HOW TO COMPLETE THIS TASK - Could you reproduce the lines below from the one with "下面是我們上海莫藝在浙江省溫" through the one with "Kathrin Sachse präsentiert"? Keep both ends and add nothing.

SOURCE DATA -
================================
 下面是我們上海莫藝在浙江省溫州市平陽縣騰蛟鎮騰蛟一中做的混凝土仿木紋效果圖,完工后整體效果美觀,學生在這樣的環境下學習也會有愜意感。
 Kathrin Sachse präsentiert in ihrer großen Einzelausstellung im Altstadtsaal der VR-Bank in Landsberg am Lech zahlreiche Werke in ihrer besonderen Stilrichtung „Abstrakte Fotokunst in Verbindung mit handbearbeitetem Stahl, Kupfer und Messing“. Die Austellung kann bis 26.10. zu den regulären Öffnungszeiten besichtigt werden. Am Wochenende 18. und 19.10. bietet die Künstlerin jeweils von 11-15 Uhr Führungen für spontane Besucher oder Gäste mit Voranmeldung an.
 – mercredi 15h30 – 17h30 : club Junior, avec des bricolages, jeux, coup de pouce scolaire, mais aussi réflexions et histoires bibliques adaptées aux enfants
================================
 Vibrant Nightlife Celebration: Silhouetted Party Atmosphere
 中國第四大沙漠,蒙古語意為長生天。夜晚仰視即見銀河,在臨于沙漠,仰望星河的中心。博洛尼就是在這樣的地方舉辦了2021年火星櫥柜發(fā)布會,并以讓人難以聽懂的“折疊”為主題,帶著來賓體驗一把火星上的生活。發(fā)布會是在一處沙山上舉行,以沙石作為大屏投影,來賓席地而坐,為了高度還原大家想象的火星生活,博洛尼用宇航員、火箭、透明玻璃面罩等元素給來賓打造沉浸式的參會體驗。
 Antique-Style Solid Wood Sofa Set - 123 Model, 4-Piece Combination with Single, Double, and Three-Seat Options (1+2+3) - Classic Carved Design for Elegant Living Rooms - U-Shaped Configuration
================================
ANSWER -
 下面是我們上海莫藝在浙江省溫州市平陽縣騰蛟鎮騰蛟一中做的混凝土仿木紋效果圖,完工后整體效果美觀,學生在這樣的環境下學習也會有愜意感。
 Kathrin Sachse präsentiert in ihrer großen Einzelausstellung im Altstadtsaal der VR-Bank in Landsberg am Lech zahlreiche Werke in ihrer besonderen Stilrichtung „Abstrakte Fotokunst in Verbindung mit handbearbeitetem Stahl, Kupfer und Messing“. Die Austellung kann bis 26.10. zu den regulären Öffnungszeiten besichtigt werden. Am Wochenende 18. und 19.10. bietet die Künstlerin jeweils von 11-15 Uhr Führungen für spontane Besucher oder Gäste mit Voranmeldung an.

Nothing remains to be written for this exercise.